Passamos por quatro ilhas diferentes e apesar do mar não deixar dúvidas de que estamos no oceano glacial ártico e, a temperatura nos mostrar como é estar no pólo norte nos sentimos, como aventureiros da national geographic . Pássaros e mais pássaros de espécies completamente desconhecidas para nós ou apenas vistas pela televisão estavam a pouquíssimos metros e para coroar a aventura uma família de focas brincava nas pedras enquanto nos acompanhava atentamente. Esta região possui oito meses de inverno dos quais durante três meses não se vê a luz do sol. A temperatura pode chegar facilmente a 20 graus negativos e no último inverno chegou a 45 graus abaixo de zero.
Mesmo com todas essas possíveis dificuldades, pelo menos sob as nossas lentes, a população é feliz, os índices de depressão são menores do que a média da população européia e não possuem a menor vontade de deixar a região. Pelo contrario, consideram-se abençoados por estarem na única região do mundo capaz de se observar as auroras boreais no inverno e o sol da meia noite no verão. E é atrás deste sol da meia noite que viemos até o pólo norte.
Continuamos nossa subida ao norte até Honisvag e de lá finalmente chegamos a NorthKaapp (cabo norte) o ponto mais setentrional da Europa .
Chegamos por volta das nove horas da noite e uma neblina densa une-se a uma temperatura polar que não nos deixa enxergar mais do que uns cinco metros em nossa frente. No extremo do cabo norte encontramos um restaurante onde aproveitamos para saciar nossa fome de urso polar, uma capela onde entramos, meditamos e conversamos um pouco sobre toda esta nossa expedição humana e até onde chegamos, em um local que pouquíssimos tiveram o prazer de estar e talvez ninguém tenha vindo para cá com o objetivo de conhecer melhor o Ser Humano e apreciar o que a natureza é capaz de produzir e nós capazes de destruir.
Quando chega às 23 horas e 55 minutos a neblina continua impedindo qualquer visualização possível, quando ocorre o impensável e inexplicável. Um vento polar fortíssimo dissipa por completo a neblina em apenas 2 minutos! Entre o espanto do inacreditável e o espanto do que surge a nossa frente parece que o tempo passa a andar mais devagar... ninguém acredita no que vê, muitos se emocionam enquanto outros começam a fazer uma contagem regressiva para a meia noite e quando a zero hora é alcançada eis que o sol brilha com toda a sua força e esplendor.
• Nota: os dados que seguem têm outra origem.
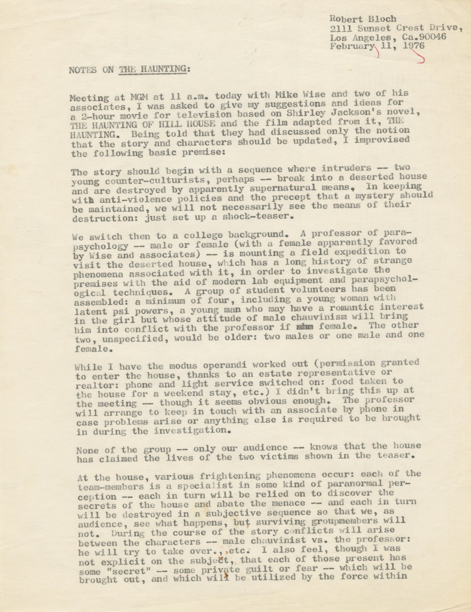 N.p.: N.p., 1976. Vintage six-page gathering of typescript and carbon typescript notes by Robert Bloch, detailing a meeting at Metro-Goldwyn-Mayer with producer Mike Wise, writer Lou Randolph, and associates to discuss a then-forthcoming, ultimately unproduced television movie based on Shirley Jackson's 1959 novel "The Haunting of Hill House." Notes dated between February 11 and March 1, 1976.
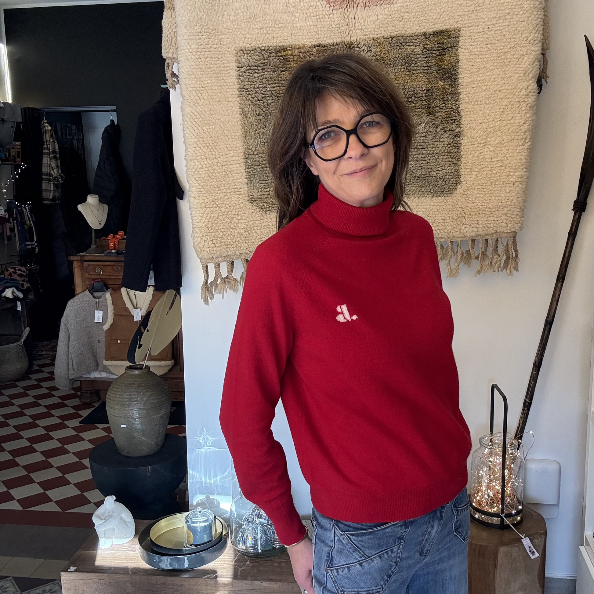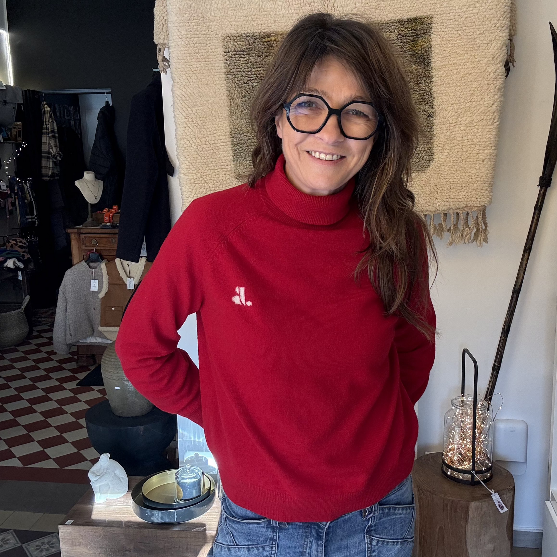 Pull à col roulé Lily de Jane Blue Paris. Logo JB contrasté. Poignets et taille resserrés.

Mais uma vez o inimaginável, algo que nem os cartões postais se atreveriam tentar mostrar. Estamos realmente no meio do pólo norte e agora que nos damos conta que estamos em pé no cabo norte um topo de um penhasco gigante que forma o fiorde do norte testemunhando que aqui o sol nunca se põe durante o verão, nunca é noite, o sol continua brilhando sem saber que antes dele a lua não esteve presente. A emoção e a sensação são inimagináveis assim como o frio que também se apodera dos nossos ossos.
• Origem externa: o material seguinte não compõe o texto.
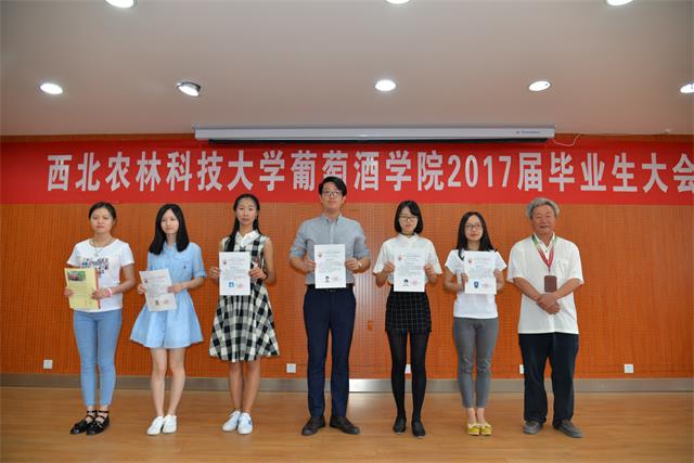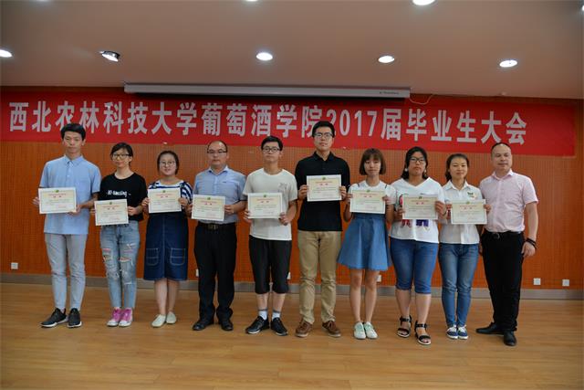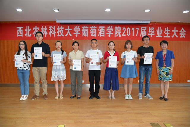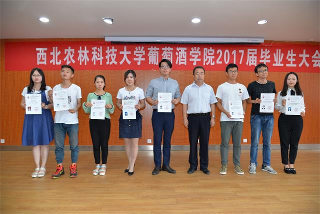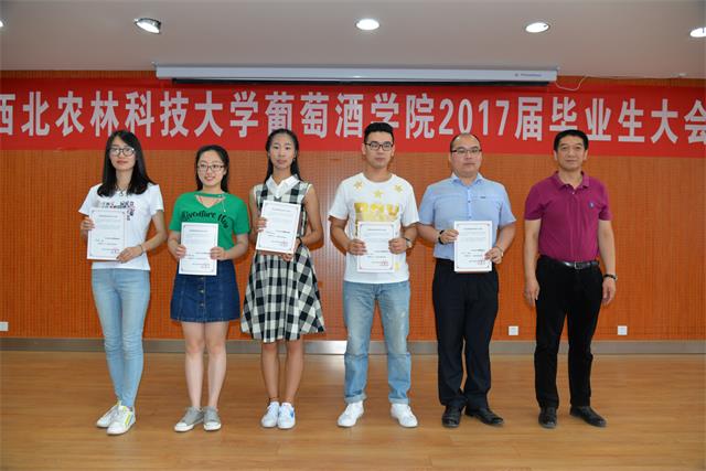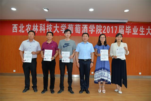 大会还对先进个人进行了表彰。房玉林经理为本科优秀毕业论文指导老师颁发证书,胡俊鹏书记为优秀毕业生颁发证书,刘树文副经理为兼职员工联络员办法聘书,李华教授为发表SCI文章研究生、获得本科优秀毕业论文本科生颁发“李华科研创新奖学金”,王华教授为德智体美各方面获得第一名的公司师生颁发了“华王No.1”奖励金,杭州久仙贸易有限公司董事长叶志远先生颁发萨意.卓越葡酒人培育基金证书。

Caminhamos em silêncio sem saber o que dizer com aquele sol sobre as nossas cabeças. Vamos ao mirante local pedimos duas doses de hidromel uma aguardente que os vikings bebiam, brindamos a jeito viking a nós, a nossa expedição, aos amigos e familiares ausentes , aos Seres Humanos e principalmente à Natureza. Mais um brinde e decidimos voltar no próximo inverno agora para apreciar o outro lado da natureza do pólo norte, para testemunharmos mais um milagre a aurora boreal.